(Task brief) Starting with the line that has "3年生は虫めがねを使って太陽" in the records below and ending with the line that has "10月30日,游客在甘肃省敦煌市鸣沙山月牙泉景区游览。(新华社发 张晓亮 摄)", output those lines exactly and nothing more; omit the pictures.

(Exercise materials)
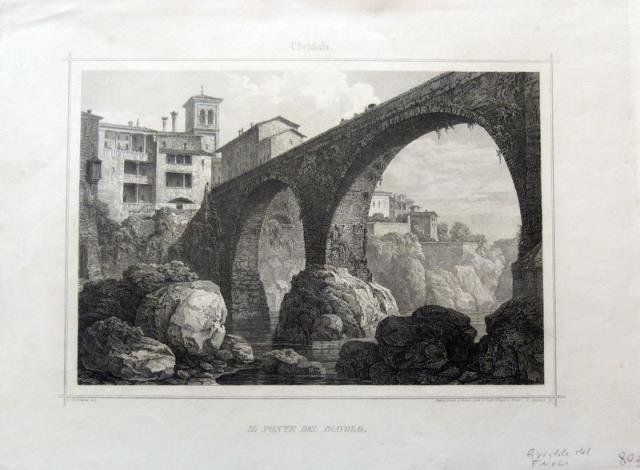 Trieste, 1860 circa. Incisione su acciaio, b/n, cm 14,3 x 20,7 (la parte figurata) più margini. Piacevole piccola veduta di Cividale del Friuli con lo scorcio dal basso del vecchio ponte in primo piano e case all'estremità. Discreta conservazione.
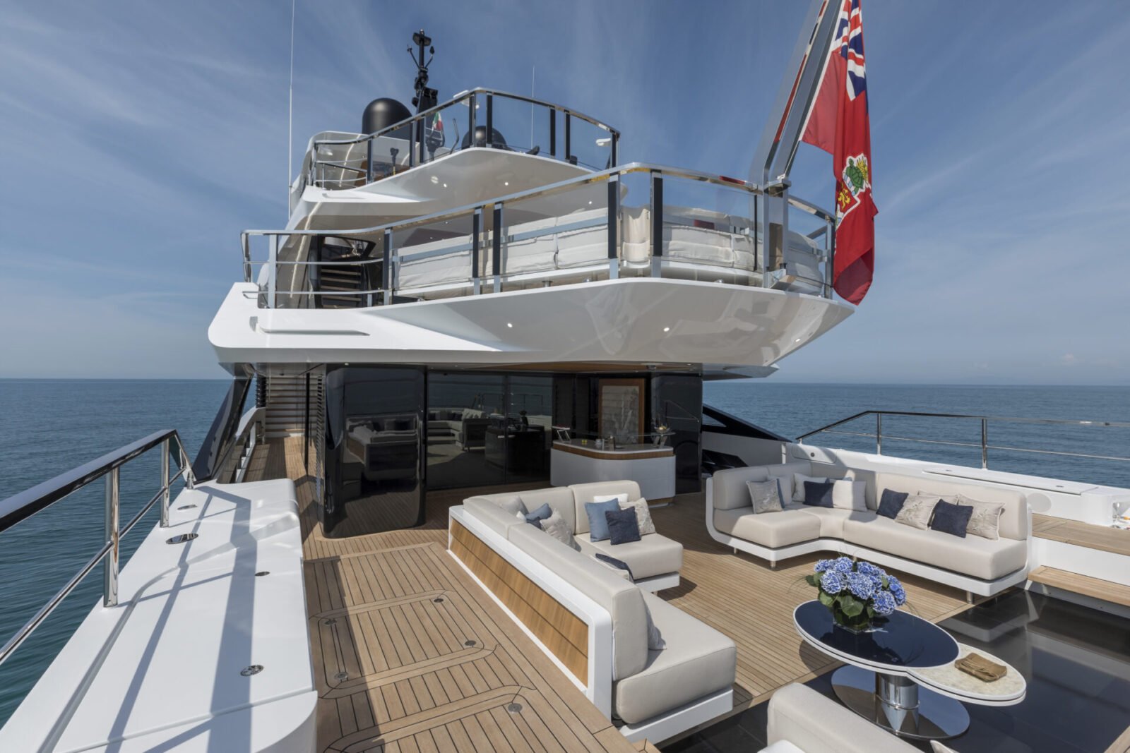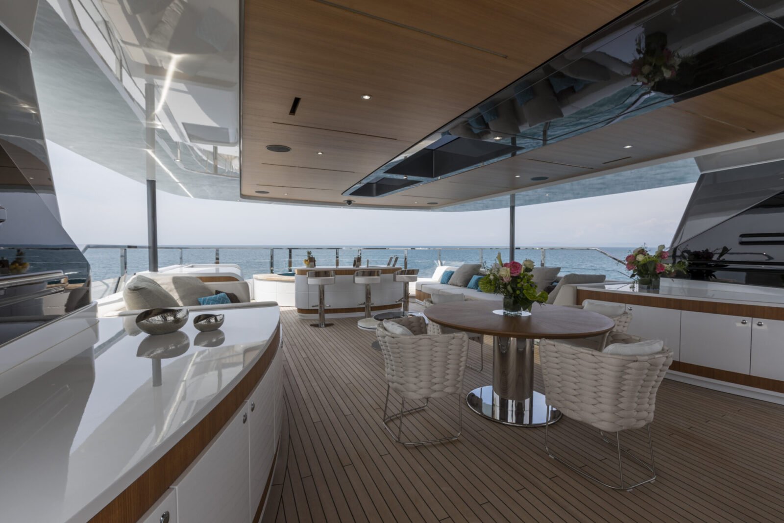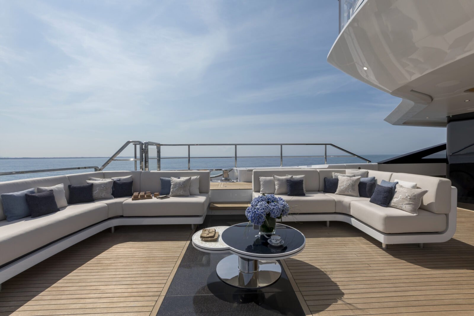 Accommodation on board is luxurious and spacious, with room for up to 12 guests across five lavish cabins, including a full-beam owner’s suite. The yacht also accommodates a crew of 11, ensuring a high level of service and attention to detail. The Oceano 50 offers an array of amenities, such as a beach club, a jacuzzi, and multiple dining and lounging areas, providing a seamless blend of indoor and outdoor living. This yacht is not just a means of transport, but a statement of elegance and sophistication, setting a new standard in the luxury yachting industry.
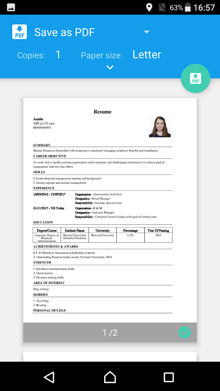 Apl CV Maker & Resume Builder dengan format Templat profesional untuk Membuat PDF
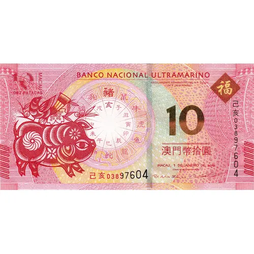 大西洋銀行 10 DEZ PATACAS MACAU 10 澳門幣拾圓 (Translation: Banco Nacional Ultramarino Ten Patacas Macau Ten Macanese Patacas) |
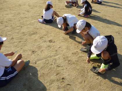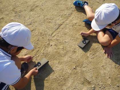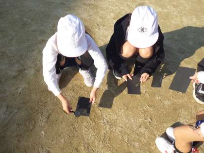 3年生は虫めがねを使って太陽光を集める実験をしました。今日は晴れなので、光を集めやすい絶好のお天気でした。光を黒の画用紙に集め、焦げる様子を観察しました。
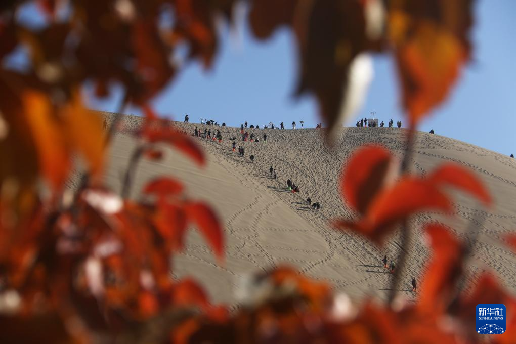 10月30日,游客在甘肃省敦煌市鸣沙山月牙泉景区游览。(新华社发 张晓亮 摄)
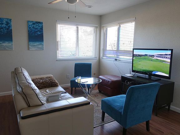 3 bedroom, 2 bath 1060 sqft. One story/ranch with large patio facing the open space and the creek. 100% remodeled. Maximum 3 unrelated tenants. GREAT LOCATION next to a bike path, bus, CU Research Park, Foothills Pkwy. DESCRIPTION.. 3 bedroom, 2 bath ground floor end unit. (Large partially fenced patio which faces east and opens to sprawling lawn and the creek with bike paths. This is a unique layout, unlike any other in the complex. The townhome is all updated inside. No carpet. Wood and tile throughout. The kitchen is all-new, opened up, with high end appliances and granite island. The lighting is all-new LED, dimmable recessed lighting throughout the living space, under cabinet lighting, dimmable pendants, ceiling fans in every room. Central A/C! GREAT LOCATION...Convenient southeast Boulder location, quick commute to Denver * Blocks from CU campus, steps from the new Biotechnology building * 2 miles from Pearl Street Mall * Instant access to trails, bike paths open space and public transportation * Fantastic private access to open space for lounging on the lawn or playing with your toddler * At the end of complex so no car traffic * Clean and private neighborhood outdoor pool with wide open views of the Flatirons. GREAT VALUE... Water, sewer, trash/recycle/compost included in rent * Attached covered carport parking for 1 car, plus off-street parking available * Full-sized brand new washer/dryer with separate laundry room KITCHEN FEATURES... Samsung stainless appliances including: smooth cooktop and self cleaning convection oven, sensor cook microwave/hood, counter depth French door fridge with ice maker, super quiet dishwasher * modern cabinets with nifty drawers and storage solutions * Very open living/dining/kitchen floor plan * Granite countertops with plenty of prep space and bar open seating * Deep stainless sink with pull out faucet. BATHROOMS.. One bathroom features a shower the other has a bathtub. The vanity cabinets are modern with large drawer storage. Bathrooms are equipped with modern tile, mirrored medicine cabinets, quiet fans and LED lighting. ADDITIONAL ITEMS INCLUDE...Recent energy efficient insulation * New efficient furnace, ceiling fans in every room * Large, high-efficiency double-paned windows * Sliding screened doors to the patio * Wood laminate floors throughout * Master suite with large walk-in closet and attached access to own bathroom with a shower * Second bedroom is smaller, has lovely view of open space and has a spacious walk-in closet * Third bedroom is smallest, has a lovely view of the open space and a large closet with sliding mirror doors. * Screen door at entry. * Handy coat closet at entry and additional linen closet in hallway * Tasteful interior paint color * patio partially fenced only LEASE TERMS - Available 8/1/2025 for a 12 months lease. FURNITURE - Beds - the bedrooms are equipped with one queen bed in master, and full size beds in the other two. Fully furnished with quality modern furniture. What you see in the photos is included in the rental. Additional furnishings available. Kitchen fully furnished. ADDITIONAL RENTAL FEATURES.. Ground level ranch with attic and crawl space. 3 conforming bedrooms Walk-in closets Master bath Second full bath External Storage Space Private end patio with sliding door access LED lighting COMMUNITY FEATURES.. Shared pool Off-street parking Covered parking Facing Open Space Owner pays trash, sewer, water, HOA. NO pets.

(Result below)
 3年生は虫めがねを使って太陽光を集める実験をしました。今日は晴れなので、光を集めやすい絶好のお天気でした。光を黒の画用紙に集め、焦げる様子を観察しました。
 10月30日,游客在甘肃省敦煌市鸣沙山月牙泉景区游览。(新华社发 张晓亮 摄)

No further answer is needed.